Motion to Revoke and Motion to Adjudicate
When your probation officer feels that you violated the terms of your probation, he or she can ask the court to issue a warrant for your arrest. Your failure to abide by these terms may lead to formal parole and/or probation revocation charges. Often you will be held without bail until your sentencing judge can hear your case. You need to hire an experienced criminal defense lawyer to defend you against these serious charges.
In many instances, people do not intentionally violate the terms of their probation or parole. It is our job to convince the court that your violation was not willful or intentional.
Early Termination of Probation
Nearly 2 million Texans have accepted deferred adjudication judgments for misdemeanors and felony arrests and many more Texans have accepted regular or “straight” probation for misdemeanors and felony arrests. Many believe that once the probation period is over and the charge dismissed that it will not be on their record. Unfortunately this is not the case: the arrest, court and the judgment remains on your record and available to the public to view. Even if you received a deferred adjudication judgment, you record remains public unless you are granted a Petition for Non-Disclosure through the Courts.

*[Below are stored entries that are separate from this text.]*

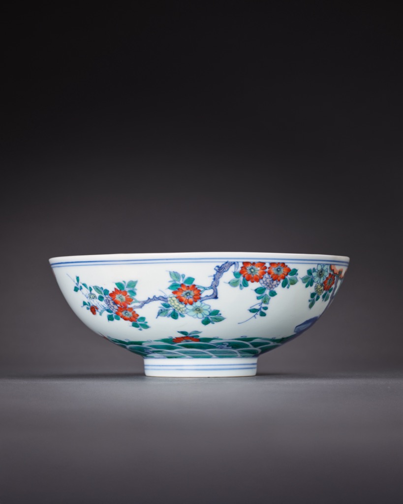 圈足內青花書「大明成化年製」雙圈六字楷書款,為康熙窯仿古寄意之作,延續成化鬥彩之文雅格調,亦見清代製瓷美學之再造昇華。此碗詩畫合一,筆墨含蓄深遠,為鬥彩瓷器中別具意趣之佳例。
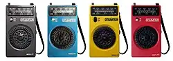 Redesigned, two HF bands instead of one. High frequency band 1 ("KB1") 40.5-50.8m, High frequency band 2 ("KB2") 24.8-31.7m, Medium frequency band ("СВ") 186.7-571.4m. Radio receiver was produced in two versions, with audio power amplifier on four or five transistors. The second version of the audio power amplifier uses an additional КТ315Б transistor to stabilize the output stage mode.[3] Known colors - black, white, blue, yellow, green, red, brown, burgundy.
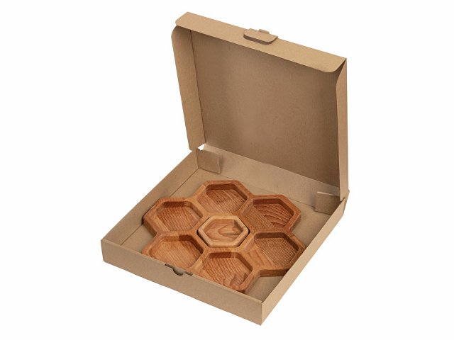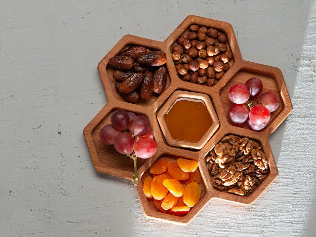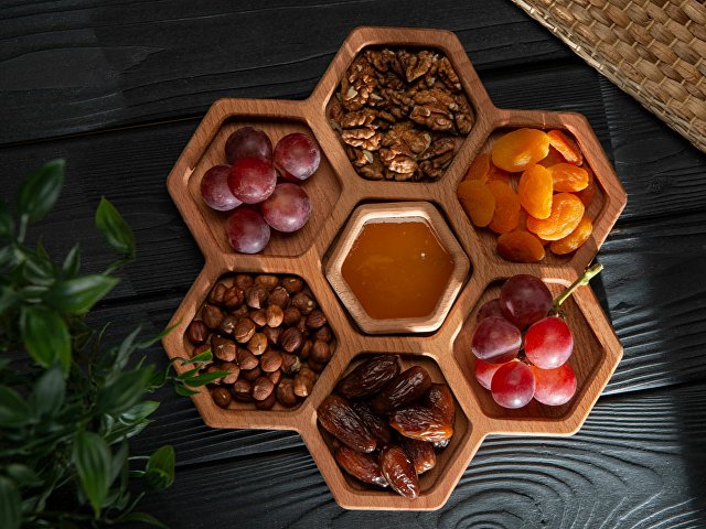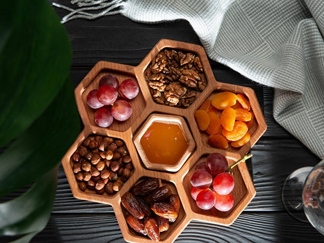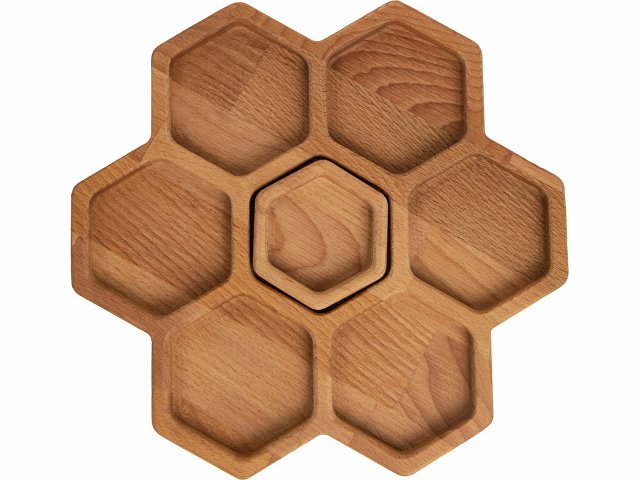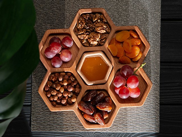 Менажница выполнена в виде семи сот для разных видов закусок — за бонусную дополнительную отвечает съемная сота-соусница, в которую можно залить мед или любимый соус.

Early Termination of deferred adjudication is the first step in clearing your record and paving the way for your records to be sealed.
Working to clear your criminal record is valuable for any number of reasons. It affects your ability to find and keep a good job, get a certification/re-certification, rent an apartment, get a mortgage or any other type of loan or gain acceptance to school. Your record will influence any future criminal case you might be unfortunate enough to have filed against you. Certain convictions can increase what you pay for life and health insurance.